10

We use graphite to track history of disk utilisation over time. Our alerting system looks at the data from graphite to alert us when the free space falls below a certain number of blocks.

I'd like to get smarter alerts - what I really care about is "how long do I have before I have to do something about the free space?", e.g. if the trend shows that in 7 days I'll run out of disk space then raise a Warning, if it's less than 2 days then raise an Error.

Graphite's standard dashboard interface can be pretty smart with derivatives and Holt Winters Confidence bands but so far I haven't found a way to convert this to actionable metrics. I'm also fine with crunching the numbers in other ways (just extract the raw numbers from graphite and run a script to do that).

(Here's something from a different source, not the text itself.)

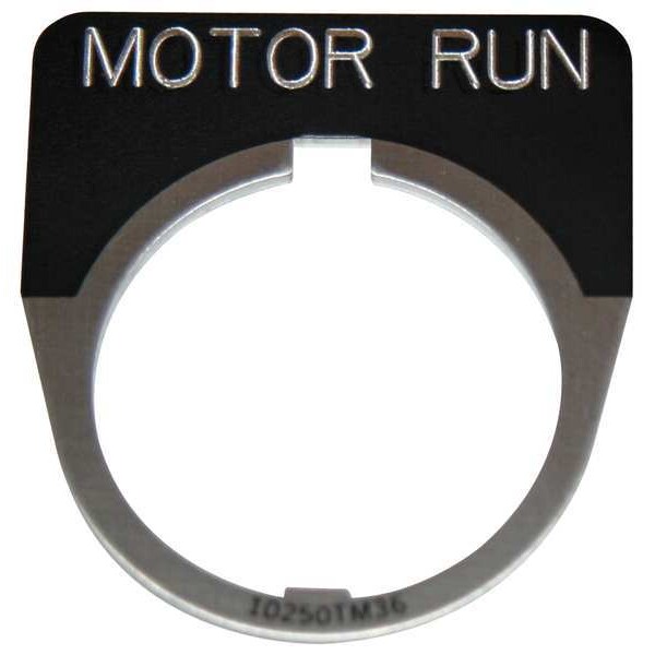 Legend Plate, Half-Round, Legend Motor Run, For Use With 30.5mm Pushbutton Operators and Indicating Lights, Legend/Background Color Black, Material Aluminum, Height 1.75 in, Width 1.75 in, Diameter 30 mm

One complication is that the graph is not smooth - files get added and removed but the general trend over time is for disk space usage to increase, so perhaps there is a need to look at local minimum's (if looking at the "disk free" metric) and draw a trend between the troughs.

Has anyone done this?

Amos Shapira
  • 839
  • 2
  • 11
  • 23
  • what's your infrastructure? for instance if you're a vmware house you could look at their Operations Manager products which does this kind of predictive view on disk space. – Chopper3 Aug 07 '13 at 11:30
  • `The volume of crap people have to store will expand to fill the disk available.` - Old Sysadmin Axiom – voretaq7 Aug 07 '13 at 16:19
  • Our servers are split between VMware VM's using IBM XIV for disks, and KVM's using local SD's. I'm not sure we have access to that kind of information (my team does not manage the VMware or XIV) and would prefer a product-independent solution. – Amos Shapira Aug 07 '13 at 19:30

3 Answers3

9

Honestly "Days Until Full" is really a lousy metric anyway -- filesystems get REALLY STUPID as they approach 100% utilization.
I really recommend using the traditional 85%, 90%, 95% thresholds (warning, alarm, and critical you-really-need-to-fix-this-NOW, respectively) - this should give you lots of warning time on modern disks (let's say a 1TB drive: 85% of a terabyte still leaves you lots of space but you're aware of a potential problem, by 90% you should be planning a disk expansion or some other mitigation, and at 95% of a terabyte you've got 50GB left and should darn well have a fix in motion).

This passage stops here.